Nach den Feiertagen rief sofort das Training auf der Simonhöhe. „Es gab die Möglichkeit, zwei Tage im Rennmodus zu trainieren. Die Bedingungen waren, um das richtige Set-up zu finden, zwar nicht optimal, aber ich konnte mich dennoch auf die Rennen dort einstellen“, erzählte die 34-Jährige. Am 14. und 15. Jänner (siehe Infobox) geht es gerade dort um Weltcup-Punkte. Ihre Lieblingspiste ist es nicht: „Ein flacher Kurs und problematisch, durch dynamische Technik, Geschwindigkeit zu generieren. Ich muss meine Technik dort sicher umstellen.“ Anders die Ausgangslage vor den ersten Auftritten 2022 in Scuol und Bad Gastein. Vor allem Bad Gastein gilt seit jeher als beliebtes Snowboard-Ziel österreichischer Athleten. Da bildet die Sulzerin keine Ausnahme. Angefangen bei der Junioren-WM bis hin zu späteren Weltcup-Podestplätzen war für Dujmovits in ihrer langen Karriere schon vieles dabei. „Ich freue mich schon sehr auf dieses Rennen“, meinte sie. Bevor es aber soweit ist, wurde am Montag und Dienstag in Bad Gastein nochmals trainiert. Dann stand die Anreise in die Schweiz und nach Scuol an. „Dieser Hang macht mir sehr viel Spaß.“ Aber nicht nur der steht im Fokus: „Es ist zudem ein Rennen, wo ich mein Material testen und ein Gefühl entwickeln kann, welches Setting möglich ist und wie das Board dann funktioniert.“

Wunsch: Gesund durch die Saison zu kommen

Und dann gibt es ja noch das ganz große Saison-Highlight mit den Olympischen Spielen in Peking. Diese finden in knapp einem Monat vom 4. bis 20. Februar statt. Der Druck ist durch Gold vor acht Jahren quasi weg, die Lust aufs Großereignis umso größer. Dafür wird nun getüftelt und gewerkt.

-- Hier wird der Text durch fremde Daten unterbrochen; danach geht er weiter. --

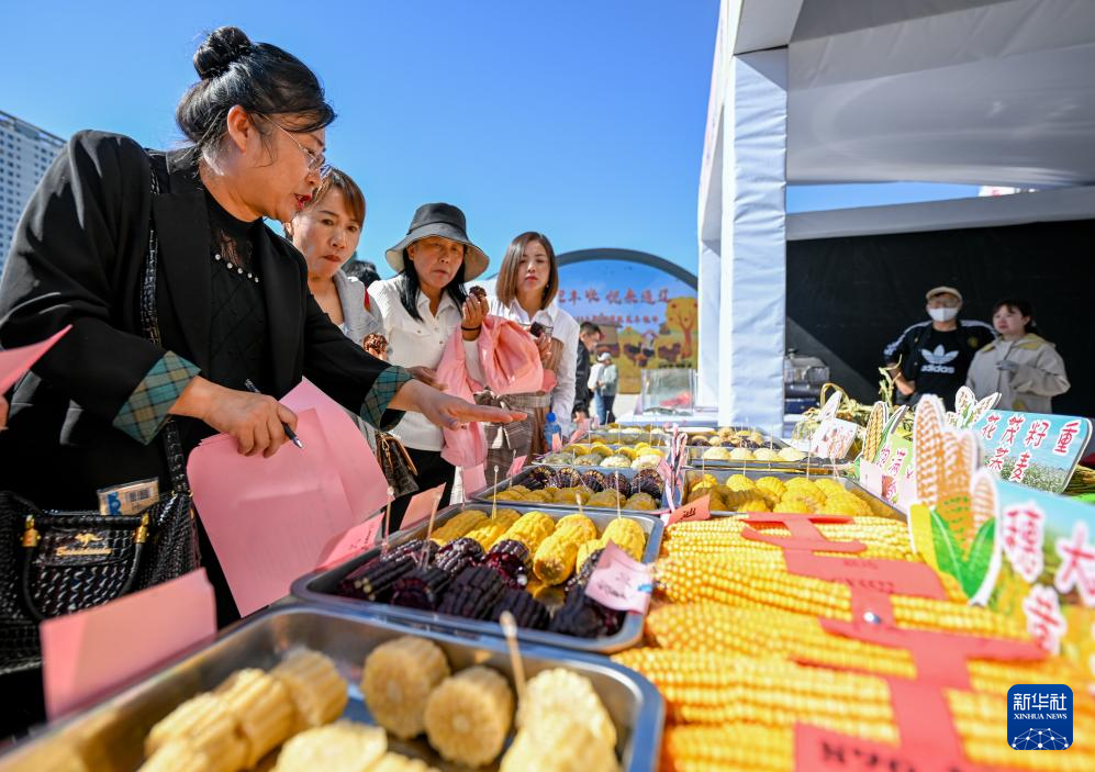 9月22日,评委们对各类玉米进行评比。

„Der Schnee in China ist speziell. Ich habe keine wirklichen Erfahrungen damit, will aber so breit wie möglich aufgestellt sein. Wichtig ist mir, mein Material bei verschiedenen Schneebedingungen gut zu kennen.“ Am 8. Februar geht es bei den Spielen im Parallelriesentorlauf um die Medaillen. „Der Weg ist das Ziel. Jetzt heißt es, Fokus finden und halten, um bei Olympia die beste Performance abrufen zu können“, so die Sulzerin.